We present 2 cases of secondary HFS, both related to benign CPA tumors.

Case 1

A 56-year-old female with a known left sided vestibular schwannoma (VS) that was treated with fractionated stereotactic radiotherapy 5 years prior, presented with a 12 month history of acute onset and progressive HFS, characterized by periorbital twitching. At the time of radiosurgery the tumor measured 2.5 cm in diameter. Post treatment, she developed gradual sensory neural hearing loss, leaving her with a 50% reduction in hearing in the left ear. Brain magnetic resonance imaging (MRI) displayed no change in size since radiosurgery. It was elected to undertake a surgical debulking of the tumor combined with microvascular decompression (MVD) for HFS.
Intra-operatively a left retro-sigmoid approach to the CPA was taken. The inferior margin of the tumor was then exposed at the level of the pontomedullary sulcus, identifying an ectatic vertebral artery and the left posterior inferior cerebellar artery (PICA) grooved into the caudal pons at the region of the root exit zone (REZ) of the facial nerve. The PICA was then elevated and mobilized from the REZ of the facial nerve and shredded Teflon felt was placed to maintain the vessel away from the nerve. Internal debulking of the tumor was performed, and the facial nerve was dissected off of the tumor capsule.
The bone overlying the internal acoustic canal (IAC) was removed exposing the dura of the IAC, which was then incised allowing tumor to spontaneously herniated through the opening. This decompressed the intra-cannulicular portion of the facial nerve. Intra-operative monitoring demonstrated electromyographic lateral spread that was successfully abolished with the decompression. Brainstem auditory evoked potentials (BAEP) remained stable. Intra-operative illustrations of the lesion and MVD of the facial nerve can be seen in Figure 1.
Post-operatively her HFS improved and eventually abated, and hearing remained unchanged. She encountered no postoperative complications.
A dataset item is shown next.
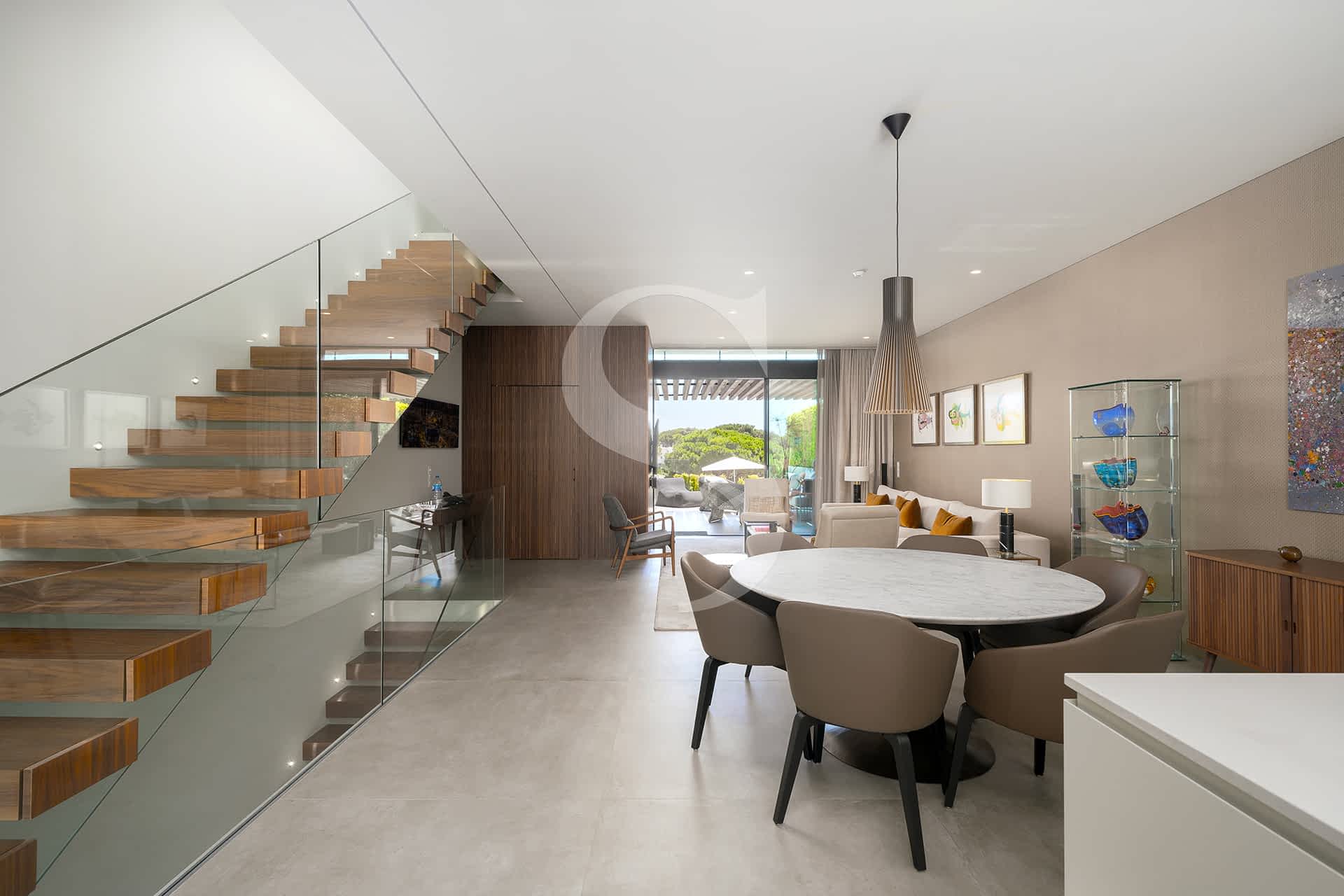 The ground floor embraces open-plan living, where a sleek, fully equipped kitchen with island flows effortlessly into the dining and lounge areas. Expansive sliding doors connect the interior to two inviting terraces: a BBQ terrace off the kitchen for relaxed alfresco dining, and a lounge terrace with direct access to the private swimming pool and landscaped garden.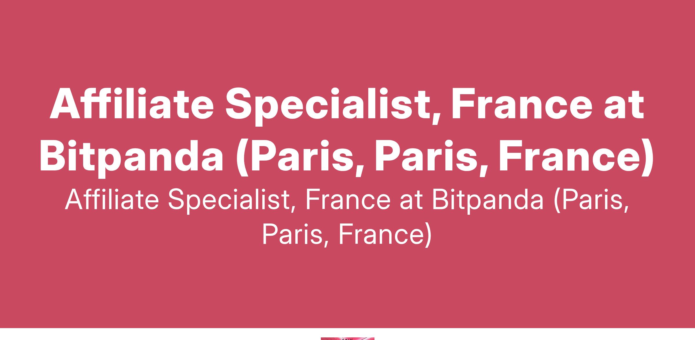 Affiliate Specialist, France at Bitpanda (Paris, Paris, France)

She remains spasm free since 2003. The final pathology of the tumor returned as VS.

Case 2

A 51-year-old male, actor by profession, presented with a history of 3 episodes of right tonic facial contraction lasting several minutes. Further investigation he revealed decreased hearing in the right ear over the last 12 months and subtle balance difficulties. Brain MRI demonstrated a right CPA angle tumor filling the IAC, with mild compression of the middle cerebellar peduncle.
It was elected to perform a surgical debulking of the tumor and facial nerve decompression. Complete tumor resection was not planned, in order to minimize risks of cranial nerve injury.
A right retro-sigmoid approach was taken, with the origin of the facial nerve identified below the lower pole of the tumor, as confirmed with stimulation. There was no evidence of NVC on the REZ of the facial nerve. The lateral surface of the tumor was noted to be free of vessels and nerves, it was subsequently incised and internal debulking of the tumor occurred. Debulking stopped once tumor attached to the vestibule-cochlear nerve was noted to be adherent.
The IAC was opened as described in case 1 causing the tumor to herniate through the opening. This decompressed the intra-cannulicular portion of the facial nerve. Dissection of the tumor off of the facial nerve was not conducted given adherence. Facial nerve electromyography did not display any injury potentials. The BAEP could not be obtained at the onset of surgery.
Post-operatively the tonic facial contractions completely resolved and there were no complications. Pathology returned as a World Health Organization grade I meningioma. Residual tumor will be followed radiographically with a plan for radiosurgery if growth is demonstrated.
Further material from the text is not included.